The Struggle Continues: A Dialogue with SNCC Veterans
Date: Thursday, September 29, 2016
Location: The Forum for Scholars and Publics (Old Chem 011)
Time: 12:00 pm – 1:30 pm
Light lunch served beginning at 11:45
Please join us for a conversation with three veterans of the Student Nonviolent Coordinating Committee (SNCC) as they discuss their work after SNCC and the southern freedom movement. Charles Cobb, journalist (founder of National Association of Black Journalists) and author (This Nonviolent Stuff’ll Get You Killed: How Guns Made the Civil Rights Movement Possible), Judy Richardson, filmmaker (Eyes on the Prize) and author (Hands on the Freedom Plow: Personal Accounts by Women in SNCC) and Maria Varela, photographer, community organizer and MacArthur “Genius Grant” Fellow, will reflect on how their experiences in SNCC impacted the choices they made with the rest of their lives. From opening the Drum and Spear bookstore and the Center for Black Education in Washington, D.C. to organizing with Latino and native resistance groups in the Southwest, the panel will look at how the worldview and approach they learned in SNCC infused itself into their later work and continues to do so today. The discussion will be moderated by John Gartrell of the John Hope Franklin Research Center at Duke’s Rubenstein Library.
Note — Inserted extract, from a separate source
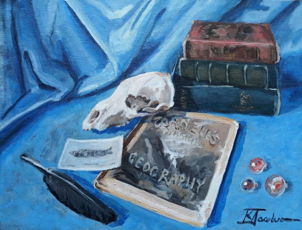 On an old blue tablecloth, objects of curioslty. I stacked some old books, a scrounged bear skull, an old postcard and a feather to sort of create an old sciency-naturalist vibe. Then some marbles snuck in. I haven’t lost all of them.

This program is presented in partnership with the SNCC Digital Gateway Project. The SNCC Digital Gateway is a collaborative project of the Student Nonviolent Coordinating Committee Legacy Project (SLP) and Duke University that tells the story of SNCC from the perspective of the activists, themselves. It is funded by The Andrew W. Mellon Foundation and builds off of the pilot website of the SLP-Duke collaboration, One Person, One Vote: The Legacy of SNCC and the Fight for Voting Rights (http://onevotesncc.org). The forthcoming website, SNCC Digital Gateway: Learn From the Past, Organize for the Future, Make Democracy Work (https://snccdigital.org) tells the story of how young SNCC activists united with local communities in the Deep South during the 1960s to take control of their political and economic lives. In it, SNCC veterans, historians of the Movement, archivists, and students weave together grassroots stories, digitized primary source materials held at repositories across the country, and new multi-media productions to bring this history to life for a new generation.